→ **WHAT IS REQUIRED**:
Start the output with the opening line of the listing below and continue, reproducing each line exactly, up to and including the line that contains "The front of".

→ **DATA SUPPLIED**:
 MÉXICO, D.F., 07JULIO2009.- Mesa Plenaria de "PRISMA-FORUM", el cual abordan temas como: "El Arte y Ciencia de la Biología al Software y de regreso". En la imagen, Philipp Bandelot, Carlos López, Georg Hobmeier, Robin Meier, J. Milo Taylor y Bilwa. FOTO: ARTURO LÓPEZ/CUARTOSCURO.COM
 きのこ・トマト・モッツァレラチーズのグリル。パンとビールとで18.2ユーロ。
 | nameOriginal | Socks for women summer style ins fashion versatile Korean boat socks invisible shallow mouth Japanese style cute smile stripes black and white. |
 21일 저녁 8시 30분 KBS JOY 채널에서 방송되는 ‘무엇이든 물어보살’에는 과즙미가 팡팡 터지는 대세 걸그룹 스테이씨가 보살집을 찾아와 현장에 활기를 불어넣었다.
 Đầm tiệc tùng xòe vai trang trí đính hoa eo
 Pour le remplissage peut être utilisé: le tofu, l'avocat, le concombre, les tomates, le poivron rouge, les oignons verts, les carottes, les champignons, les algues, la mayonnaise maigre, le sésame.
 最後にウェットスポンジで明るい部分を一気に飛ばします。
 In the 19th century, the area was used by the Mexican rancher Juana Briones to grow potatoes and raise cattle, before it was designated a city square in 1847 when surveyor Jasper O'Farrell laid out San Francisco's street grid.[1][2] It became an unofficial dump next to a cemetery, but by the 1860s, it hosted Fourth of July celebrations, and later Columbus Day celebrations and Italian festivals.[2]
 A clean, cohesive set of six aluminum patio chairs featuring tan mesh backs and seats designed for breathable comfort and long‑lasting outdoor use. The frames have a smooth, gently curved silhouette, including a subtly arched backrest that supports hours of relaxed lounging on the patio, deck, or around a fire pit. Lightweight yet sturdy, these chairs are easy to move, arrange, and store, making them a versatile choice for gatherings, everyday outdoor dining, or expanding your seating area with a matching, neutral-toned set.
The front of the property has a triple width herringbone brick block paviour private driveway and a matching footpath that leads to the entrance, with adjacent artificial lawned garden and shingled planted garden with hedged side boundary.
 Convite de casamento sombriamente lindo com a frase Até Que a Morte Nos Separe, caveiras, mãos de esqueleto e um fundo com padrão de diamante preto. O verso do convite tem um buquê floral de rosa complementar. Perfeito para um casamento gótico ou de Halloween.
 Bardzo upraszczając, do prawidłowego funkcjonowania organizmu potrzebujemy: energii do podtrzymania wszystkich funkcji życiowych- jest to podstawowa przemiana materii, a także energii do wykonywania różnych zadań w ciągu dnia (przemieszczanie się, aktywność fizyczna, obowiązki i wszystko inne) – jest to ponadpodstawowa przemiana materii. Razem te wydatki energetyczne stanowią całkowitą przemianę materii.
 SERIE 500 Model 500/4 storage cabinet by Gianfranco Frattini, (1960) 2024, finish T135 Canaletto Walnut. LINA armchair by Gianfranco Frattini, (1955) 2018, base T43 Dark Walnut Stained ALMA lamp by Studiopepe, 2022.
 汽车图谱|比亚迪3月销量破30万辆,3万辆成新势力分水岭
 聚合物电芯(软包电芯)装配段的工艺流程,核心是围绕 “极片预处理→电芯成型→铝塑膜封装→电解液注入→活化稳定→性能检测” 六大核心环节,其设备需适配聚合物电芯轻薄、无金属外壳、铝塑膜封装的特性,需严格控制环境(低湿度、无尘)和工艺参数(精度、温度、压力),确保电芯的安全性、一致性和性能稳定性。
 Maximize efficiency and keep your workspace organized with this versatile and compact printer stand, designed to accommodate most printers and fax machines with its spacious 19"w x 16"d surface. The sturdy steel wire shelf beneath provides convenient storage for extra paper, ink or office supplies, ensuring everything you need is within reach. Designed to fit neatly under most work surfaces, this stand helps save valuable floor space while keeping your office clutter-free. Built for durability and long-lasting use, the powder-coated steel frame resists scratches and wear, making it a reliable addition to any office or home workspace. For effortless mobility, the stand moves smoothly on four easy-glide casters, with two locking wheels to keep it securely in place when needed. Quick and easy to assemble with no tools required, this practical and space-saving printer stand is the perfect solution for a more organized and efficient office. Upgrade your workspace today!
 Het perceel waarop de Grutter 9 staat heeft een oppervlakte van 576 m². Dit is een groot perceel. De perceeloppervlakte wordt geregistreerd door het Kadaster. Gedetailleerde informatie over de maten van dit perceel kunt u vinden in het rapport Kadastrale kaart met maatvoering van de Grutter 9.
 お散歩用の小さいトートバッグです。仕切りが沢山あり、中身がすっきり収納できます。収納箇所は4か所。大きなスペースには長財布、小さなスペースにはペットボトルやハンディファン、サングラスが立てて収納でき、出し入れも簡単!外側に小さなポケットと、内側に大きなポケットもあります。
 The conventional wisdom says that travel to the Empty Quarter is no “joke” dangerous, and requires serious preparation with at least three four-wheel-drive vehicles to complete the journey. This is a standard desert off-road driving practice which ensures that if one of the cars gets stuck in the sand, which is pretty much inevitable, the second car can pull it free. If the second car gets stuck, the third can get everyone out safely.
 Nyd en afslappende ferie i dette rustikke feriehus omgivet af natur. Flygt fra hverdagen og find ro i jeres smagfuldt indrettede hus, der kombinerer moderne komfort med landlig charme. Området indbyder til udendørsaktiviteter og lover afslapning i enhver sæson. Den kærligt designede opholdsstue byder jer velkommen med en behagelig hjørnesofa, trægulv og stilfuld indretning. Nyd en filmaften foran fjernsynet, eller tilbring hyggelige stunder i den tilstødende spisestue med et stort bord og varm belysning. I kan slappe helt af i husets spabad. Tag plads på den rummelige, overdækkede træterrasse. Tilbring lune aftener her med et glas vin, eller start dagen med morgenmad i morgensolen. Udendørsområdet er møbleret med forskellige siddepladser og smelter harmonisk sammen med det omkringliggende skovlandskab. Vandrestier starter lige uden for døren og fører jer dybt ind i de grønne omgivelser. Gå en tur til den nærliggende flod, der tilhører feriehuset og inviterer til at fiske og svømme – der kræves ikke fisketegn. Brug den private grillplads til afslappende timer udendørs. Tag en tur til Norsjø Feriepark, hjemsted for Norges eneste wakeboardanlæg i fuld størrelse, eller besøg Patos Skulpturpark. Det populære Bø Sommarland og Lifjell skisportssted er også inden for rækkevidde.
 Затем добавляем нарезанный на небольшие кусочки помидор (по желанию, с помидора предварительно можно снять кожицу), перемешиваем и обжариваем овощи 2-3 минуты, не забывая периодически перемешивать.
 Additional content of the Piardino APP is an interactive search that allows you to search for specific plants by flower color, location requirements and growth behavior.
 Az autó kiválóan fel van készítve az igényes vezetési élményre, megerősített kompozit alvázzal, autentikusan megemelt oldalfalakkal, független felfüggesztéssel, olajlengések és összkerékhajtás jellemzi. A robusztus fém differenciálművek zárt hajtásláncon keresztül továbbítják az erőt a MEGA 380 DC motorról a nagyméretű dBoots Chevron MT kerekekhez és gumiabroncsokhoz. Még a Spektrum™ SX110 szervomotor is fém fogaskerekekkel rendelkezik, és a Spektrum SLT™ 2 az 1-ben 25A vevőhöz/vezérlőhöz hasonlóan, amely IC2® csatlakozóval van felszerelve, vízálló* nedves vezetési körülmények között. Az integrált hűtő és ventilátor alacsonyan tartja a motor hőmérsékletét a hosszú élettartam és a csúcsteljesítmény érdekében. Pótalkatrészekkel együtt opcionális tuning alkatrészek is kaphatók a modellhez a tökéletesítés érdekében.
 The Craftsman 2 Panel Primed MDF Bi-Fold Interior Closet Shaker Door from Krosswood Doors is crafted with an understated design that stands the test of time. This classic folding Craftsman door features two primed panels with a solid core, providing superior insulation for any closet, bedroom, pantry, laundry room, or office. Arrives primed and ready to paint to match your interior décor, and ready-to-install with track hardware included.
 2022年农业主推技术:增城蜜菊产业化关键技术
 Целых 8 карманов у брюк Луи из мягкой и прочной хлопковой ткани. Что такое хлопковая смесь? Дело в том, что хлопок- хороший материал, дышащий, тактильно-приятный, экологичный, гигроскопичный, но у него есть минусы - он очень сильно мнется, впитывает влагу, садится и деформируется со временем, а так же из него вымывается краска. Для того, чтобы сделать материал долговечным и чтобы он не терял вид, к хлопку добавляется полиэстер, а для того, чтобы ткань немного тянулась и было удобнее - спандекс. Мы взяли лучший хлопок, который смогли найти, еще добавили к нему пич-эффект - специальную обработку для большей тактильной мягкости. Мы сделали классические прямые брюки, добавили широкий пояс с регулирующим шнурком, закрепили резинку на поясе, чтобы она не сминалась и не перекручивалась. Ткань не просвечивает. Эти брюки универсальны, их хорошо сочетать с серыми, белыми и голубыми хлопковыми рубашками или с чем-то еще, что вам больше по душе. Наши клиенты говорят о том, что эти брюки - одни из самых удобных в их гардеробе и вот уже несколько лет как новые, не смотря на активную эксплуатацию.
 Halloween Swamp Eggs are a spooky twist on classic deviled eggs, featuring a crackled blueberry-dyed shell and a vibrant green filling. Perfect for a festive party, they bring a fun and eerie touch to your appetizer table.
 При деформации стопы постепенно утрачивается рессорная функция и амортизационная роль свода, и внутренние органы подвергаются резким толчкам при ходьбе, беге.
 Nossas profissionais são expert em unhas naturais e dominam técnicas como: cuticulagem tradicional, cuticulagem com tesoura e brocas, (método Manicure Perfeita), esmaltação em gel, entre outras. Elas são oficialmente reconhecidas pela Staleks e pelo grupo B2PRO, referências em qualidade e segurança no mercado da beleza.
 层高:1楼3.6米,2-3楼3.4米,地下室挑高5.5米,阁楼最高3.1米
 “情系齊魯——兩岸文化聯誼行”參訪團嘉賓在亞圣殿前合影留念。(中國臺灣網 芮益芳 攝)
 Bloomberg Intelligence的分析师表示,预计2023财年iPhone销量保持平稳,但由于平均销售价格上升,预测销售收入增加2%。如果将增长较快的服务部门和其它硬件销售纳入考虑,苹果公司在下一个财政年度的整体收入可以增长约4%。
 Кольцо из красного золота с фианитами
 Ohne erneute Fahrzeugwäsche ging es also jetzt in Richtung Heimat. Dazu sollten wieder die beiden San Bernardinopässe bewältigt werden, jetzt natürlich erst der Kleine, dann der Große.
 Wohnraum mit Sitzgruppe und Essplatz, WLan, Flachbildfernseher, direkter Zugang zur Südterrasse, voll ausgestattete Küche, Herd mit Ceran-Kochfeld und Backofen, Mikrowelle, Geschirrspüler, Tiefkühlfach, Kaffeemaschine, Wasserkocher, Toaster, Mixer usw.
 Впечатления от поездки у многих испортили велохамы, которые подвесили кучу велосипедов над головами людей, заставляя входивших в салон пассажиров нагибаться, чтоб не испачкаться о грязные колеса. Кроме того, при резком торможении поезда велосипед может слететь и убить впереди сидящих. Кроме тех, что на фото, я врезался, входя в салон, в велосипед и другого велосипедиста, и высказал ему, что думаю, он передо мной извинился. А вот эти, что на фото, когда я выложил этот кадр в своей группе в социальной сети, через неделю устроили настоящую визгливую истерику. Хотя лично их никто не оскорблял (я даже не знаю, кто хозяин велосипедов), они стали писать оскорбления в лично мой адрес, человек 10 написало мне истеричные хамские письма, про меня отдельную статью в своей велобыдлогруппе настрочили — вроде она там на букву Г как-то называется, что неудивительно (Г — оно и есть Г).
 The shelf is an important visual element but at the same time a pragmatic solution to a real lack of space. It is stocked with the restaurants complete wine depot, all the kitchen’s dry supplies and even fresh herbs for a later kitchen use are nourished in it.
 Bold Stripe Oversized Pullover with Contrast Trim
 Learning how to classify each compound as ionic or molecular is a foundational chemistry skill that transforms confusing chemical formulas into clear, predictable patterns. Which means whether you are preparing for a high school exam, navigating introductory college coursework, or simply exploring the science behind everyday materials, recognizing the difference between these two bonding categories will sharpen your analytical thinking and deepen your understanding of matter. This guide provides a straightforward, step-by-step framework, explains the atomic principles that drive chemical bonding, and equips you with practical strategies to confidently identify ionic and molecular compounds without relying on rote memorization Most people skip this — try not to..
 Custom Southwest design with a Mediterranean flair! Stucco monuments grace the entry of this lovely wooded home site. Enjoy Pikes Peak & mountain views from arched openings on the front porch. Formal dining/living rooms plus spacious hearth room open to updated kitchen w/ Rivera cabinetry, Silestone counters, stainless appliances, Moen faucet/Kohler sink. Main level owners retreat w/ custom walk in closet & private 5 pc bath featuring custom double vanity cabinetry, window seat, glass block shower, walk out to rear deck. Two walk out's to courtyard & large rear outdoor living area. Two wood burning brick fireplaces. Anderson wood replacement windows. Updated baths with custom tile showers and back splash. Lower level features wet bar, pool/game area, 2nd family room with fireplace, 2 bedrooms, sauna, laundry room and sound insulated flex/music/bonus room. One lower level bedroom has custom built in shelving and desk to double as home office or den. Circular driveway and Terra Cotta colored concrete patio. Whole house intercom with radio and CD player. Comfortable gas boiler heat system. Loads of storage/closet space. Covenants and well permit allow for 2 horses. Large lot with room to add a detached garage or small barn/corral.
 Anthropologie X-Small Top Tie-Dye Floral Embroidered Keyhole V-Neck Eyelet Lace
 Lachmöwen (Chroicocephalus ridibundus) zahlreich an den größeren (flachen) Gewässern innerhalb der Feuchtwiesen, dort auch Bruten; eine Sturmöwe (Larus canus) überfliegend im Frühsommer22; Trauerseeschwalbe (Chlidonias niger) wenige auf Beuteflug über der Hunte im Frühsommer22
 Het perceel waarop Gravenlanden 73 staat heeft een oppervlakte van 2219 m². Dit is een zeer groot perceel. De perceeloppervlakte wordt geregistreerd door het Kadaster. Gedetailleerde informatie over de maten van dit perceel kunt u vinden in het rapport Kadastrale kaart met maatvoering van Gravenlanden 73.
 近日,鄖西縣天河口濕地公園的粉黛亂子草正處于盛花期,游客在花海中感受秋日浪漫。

→ **EXERCISE RESULT**:
 MÉXICO, D.F., 07JULIO2009.- Mesa Plenaria de "PRISMA-FORUM", el cual abordan temas como: "El Arte y Ciencia de la Biología al Software y de regreso". En la imagen, Philipp Bandelot, Carlos López, Georg Hobmeier, Robin Meier, J. Milo Taylor y Bilwa. FOTO: ARTURO LÓPEZ/CUARTOSCURO.COM
 きのこ・トマト・モッツァレラチーズのグリル。パンとビールとで18.2ユーロ。
 | nameOriginal | Socks for women summer style ins fashion versatile Korean boat socks invisible shallow mouth Japanese style cute smile stripes black and white. |
 21일 저녁 8시 30분 KBS JOY 채널에서 방송되는 ‘무엇이든 물어보살’에는 과즙미가 팡팡 터지는 대세 걸그룹 스테이씨가 보살집을 찾아와 현장에 활기를 불어넣었다.
 Đầm tiệc tùng xòe vai trang trí đính hoa eo
 Pour le remplissage peut être utilisé: le tofu, l'avocat, le concombre, les tomates, le poivron rouge, les oignons verts, les carottes, les champignons, les algues, la mayonnaise maigre, le sésame.
 最後にウェットスポンジで明るい部分を一気に飛ばします。
 In the 19th century, the area was used by the Mexican rancher Juana Briones to grow potatoes and raise cattle, before it was designated a city square in 1847 when surveyor Jasper O'Farrell laid out San Francisco's street grid.[1][2] It became an unofficial dump next to a cemetery, but by the 1860s, it hosted Fourth of July celebrations, and later Columbus Day celebrations and Italian festivals.[2]
 A clean, cohesive set of six aluminum patio chairs featuring tan mesh backs and seats designed for breathable comfort and long‑lasting outdoor use. The frames have a smooth, gently curved silhouette, including a subtly arched backrest that supports hours of relaxed lounging on the patio, deck, or around a fire pit. Lightweight yet sturdy, these chairs are easy to move, arrange, and store, making them a versatile choice for gatherings, everyday outdoor dining, or expanding your seating area with a matching, neutral-toned set.
The front of the property has a triple width herringbone brick block paviour private driveway and a matching footpath that leads to the entrance, with adjacent artificial lawned garden and shingled planted garden with hedged side boundary.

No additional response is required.